Balingen

Erntedank und Entwidmung: Balinger Christen sagen ihrem Tobihaus am Sonntag für immer Adieu

23.09.2020

Von Nicole Leukhardt

Erntedank und Entwidmung: Balinger Christen sagen ihrem Tobihaus am Sonntag für immer Adieu

© Nicole Leukhardt

Stadtpfarrerin Birgit Wurster und Dekan Beatus Widmann werden am Sonntag das Johann-Tobias-Beck-Haus gemeinsam mit einem Gottesdienst zu Erntedank entwidmen.

Abschiede, so formuliert es Balingens Dekan Beatus Widmann, gehören notwendig zum Leben. Dass ihm und der Kirchengemeinde der Abschied vom Johann-Tobias-Beck-Haus jedoch nicht leicht fällt, gibt er unumwunden zu. Am Sonntag soll noch einmal gefeiert werden, dabei wird das Haus entwidmet.

Stadtpfarrerin Birgit Wurster und Dekan Beatus Widmann feiern den Gottesdienst im Hof des Hauses und hoffen auf gutes Wetter. „Womöglich weint der Himmel aber auch ein bisschen“, prophezeit der Dekan mit bangem Blick auf die Wettervorhersage. Dennoch hoffen beide, dass viele Christen dabei sein werden und ihrem langjährigen und liebgewonnenen „Tobihaus“ Lebewohl sagen.

Bei der Feier werden Taufschale, Abendmahlgerät und Altarbibel „außer Dienst gestellt“. „Wir Protestanten formulieren das recht nüchtern“, sagt Widmann. Der Rahmen der Entwidmung soll jedoch feierlich sein und viele alte Erinnerungen noch einmal aufleben lassen. So liegen beispielsweise die Gästebücher aus, die vor allem der Frauenkreis bei Gruppenstunden liebevoll gestaltet und so das Leben im Gemeindehaus dokumentiert hat.

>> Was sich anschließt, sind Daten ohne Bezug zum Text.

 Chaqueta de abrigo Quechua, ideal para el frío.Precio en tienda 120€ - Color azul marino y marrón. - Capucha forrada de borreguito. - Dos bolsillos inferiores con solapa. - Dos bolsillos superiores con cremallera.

Eine ganze Generation nimmt Abschied

Jenes Gemeindeleben, das in den vergangenen Jahren immer weiter abgenommen hat, was einerseits dem demographischen Wandel, andererseits dem Rückgang der Kirchenmitglieder geschuldet ist. „Eine Entwicklung, die vor 40 Jahren nicht absehbar war“, wie der Dekan erklärt.

Am 18. März 1980 war Spatenstich für das Gemeindehaus in der Mozartstraße, knapp zwei Jahre später, im Februar 1982 wurde es feierlich eingeweiht. Benannt wurde das kirchliche Zentrum im Osten der Stadt nach dem Balinger Pfarrer Johann Tobias Beck.

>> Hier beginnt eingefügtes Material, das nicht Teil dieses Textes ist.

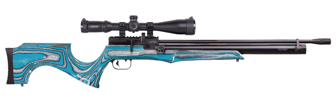 This Reximex Lyra is a sleek and modern PCP air rifle, featuring an ambidextrous light blue laminated stock, side cocking lever and 4-way adjustable trigger. The gun includes 2 x 14-shot magazines and will give approximately 110 shots per fill. The 580mm barrel has been threaded to fit a 1/2″ UNF Sound Moderator.

„Der Name und damit die Erinnerung an unsere Vergangenheit soll im Neubau unseres Gemeindehauses in der Stadtmitte erhalten bleiben, vielleicht wird ein Raum nach Beck benannt“, erzählt Birgit Wurster. Das und auch der zeitliche Rahmen eines solchen Neubaus sei freilich noch Zukunftsmusik. „Nach der Gartenschau“, nennt Dekan Widmann einen groben Startpunkt.

Ein Rückblick erfüllt von Dankbarkeit

Am Sonntagmorgen wird also ein letztes Erntedankfest mit anschließendem Kirchenkaffee in der Mozartstraße gefeiert und der Schwerpunkt soll nicht nur auf dem Abschied, sondern auch auf dem Dank liegen. „Wir wollen dankbar zurückschauen und auch Gemeindemitglieder zu Wort kommen lassen, die dort viel Zeit verbracht haben“, so der Dekan. Eine ganze Generation hätte mit dem Haus große Verbundeheit gespürt, nicht zuletzt habe auch die Hausmeisterfamilie Kolbus immer eine familiäre Atmosphäre zu schaffen verstanden.

Er und Stadtpfarrerin Wurster hoffen, dass die Christen im Balinger Osten, die nun nach Heselwangen und zur Stadtkirchengemeinde gehören, sich weiter versammeln an anderer Stelle. „Das Leben ist ein ständiges Wandern“, so Widmann.

Das Haus wird „segensreich genutzt“

Im Tobihaus wird bereits fleißig umgebaut: Ein Rosenfelder Pflegedienst hat der Kirche das überzählige Gebäude abgekauft und bietet dort künftig Tages- und Intensivpflege an (wir berichteten). „Uns war wichtig, dass das Haus segensreich weitergenutzt wird“, unterstrich Dekan Widmann.